▶ Try it
Every entry should be duplicated verbatim, and no picture may appear in the copy.

== Segment start ==

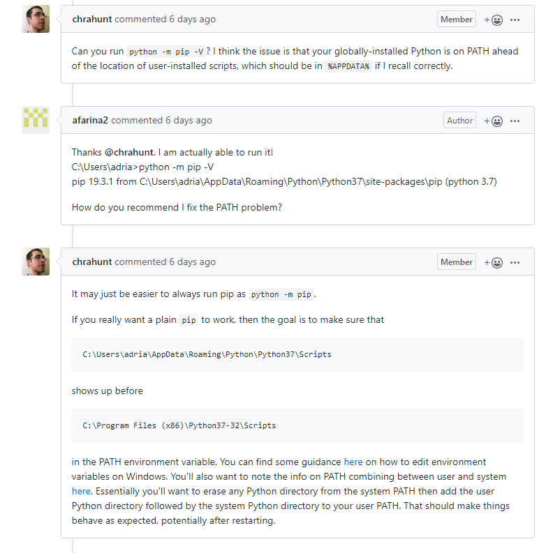 看完文档你基本清楚,解决思路是环境变量的问题,安装好的目录pip不可用。
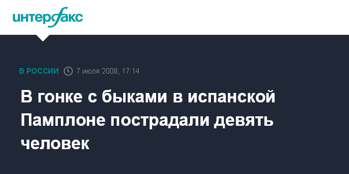 Москва. 7 июля. INTERFAX.RU - Девять человек получили травмы в первый день знаменитого праздника Сан-Фермин, который проходит в испанском городе Памплоне. Во время этого праздника по улицам города обычно пускают разъяренных быков, от которых убегают люди, желающие показать смелость.
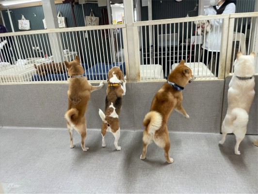 2023.04.17|本店 うわ~雪降ってる… (ボルゾイ エルくん) お友だちきた~♪ (柴犬 イチローくん、ビーグル ブランちゃん、 柴犬 ケン太くん、柴犬 コロ太くん) おりゃっ! (柴犬 福くん、ゴールデン ゴン太くん) 見て!あたちの華麗なターン!! (シェルティ ウェンリィちゃん)
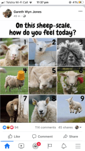I made the sheep-scale as a way to check in on my sheep and wool mates in a fun way, ask #RUOK & actively listen to the answer.
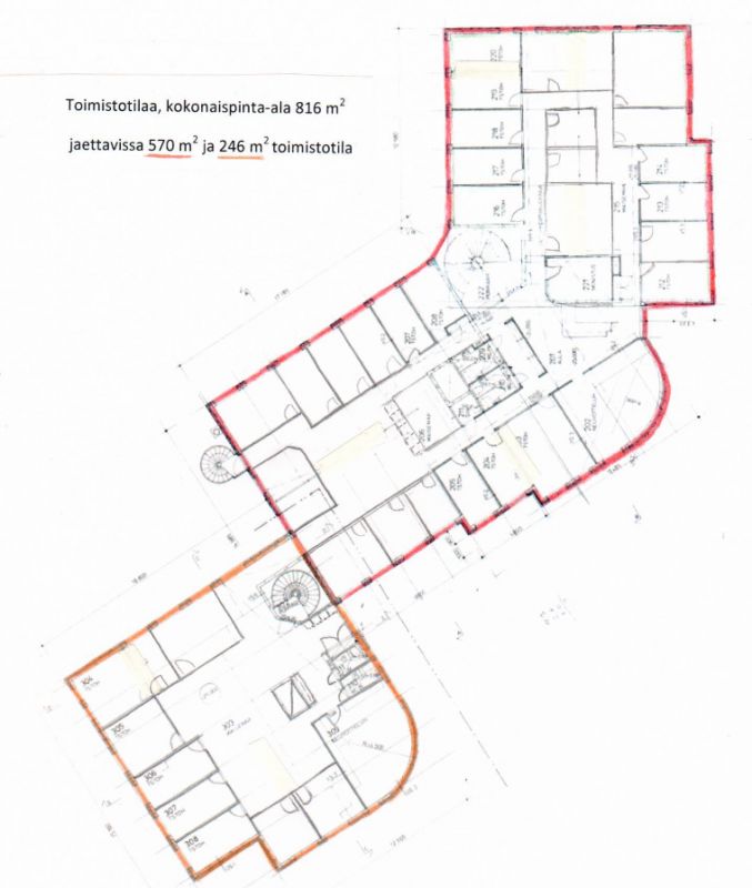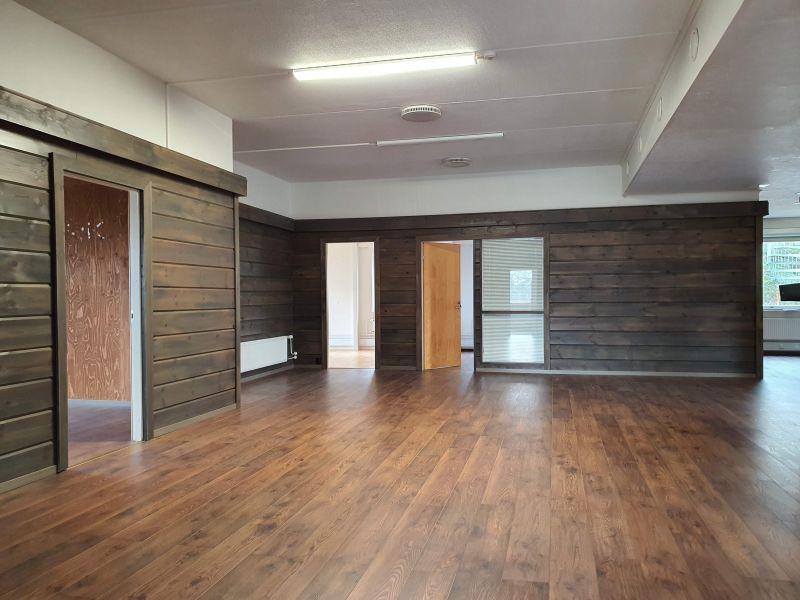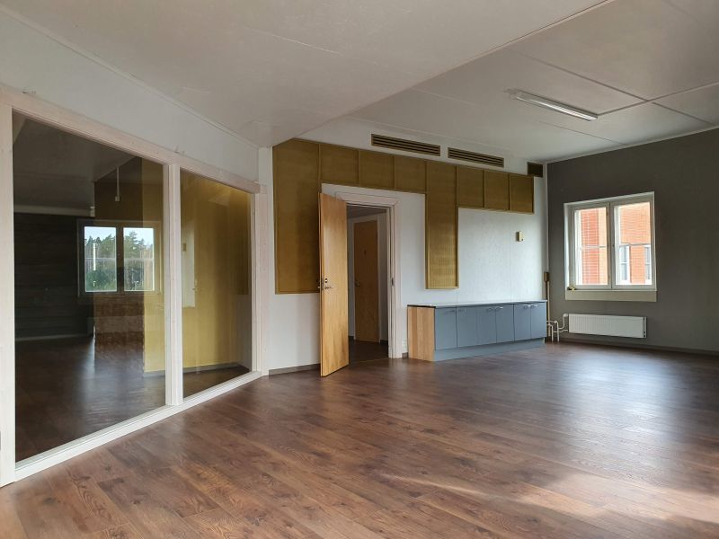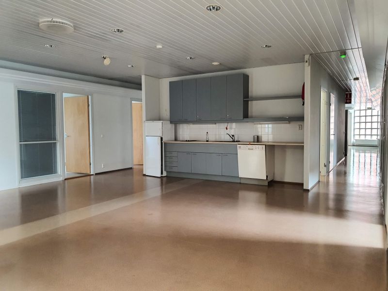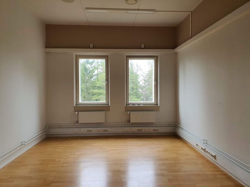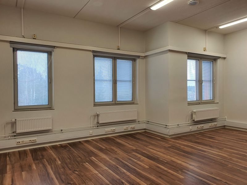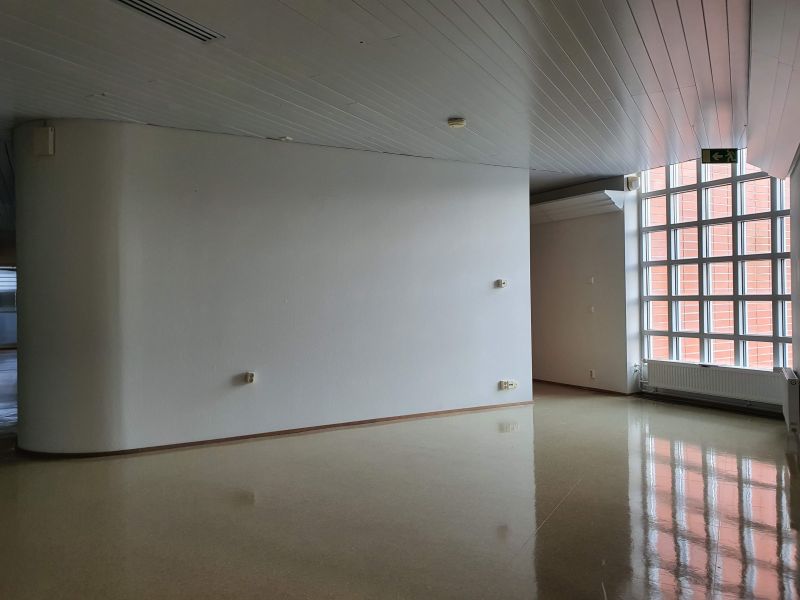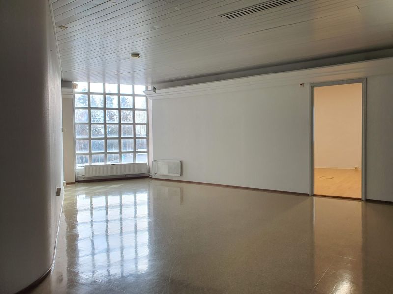 Tilassa pieniä ja isompia toimistohuoneita, neuvottelutiloja, reilun kokoinen aula, 2 keittiötilaa ja useita wc-tiloja. Tila muokattavissa vuokralaisen toiveiden mukaiseksi. Huonekorkeus n. 3 m.

== Segment end ==

▶ Response to this exercise
 看完文档你基本清楚,解决思路是环境变量的问题,安装好的目录pip不可用。
 Москва. 7 июля. INTERFAX.RU - Девять человек получили травмы в первый день знаменитого праздника Сан-Фермин, который проходит в испанском городе Памплоне. Во время этого праздника по улицам города обычно пускают разъяренных быков, от которых убегают люди, желающие показать смелость.
 2023.04.17|本店 うわ~雪降ってる… (ボルゾイ エルくん) お友だちきた~♪ (柴犬 イチローくん、ビーグル ブランちゃん、 柴犬 ケン太くん、柴犬 コロ太くん) おりゃっ! (柴犬 福くん、ゴールデン ゴン太くん) 見て!あたちの華麗なターン!! (シェルティ ウェンリィちゃん)
I made the sheep-scale as a way to check in on my sheep and wool mates in a fun way, ask #RUOK & actively listen to the answer.
 Tilassa pieniä ja isompia toimistohuoneita, neuvottelutiloja, reilun kokoinen aula, 2 keittiötilaa ja useita wc-tiloja. Tila muokattavissa vuokralaisen toiveiden mukaiseksi. Huonekorkeus n. 3 m.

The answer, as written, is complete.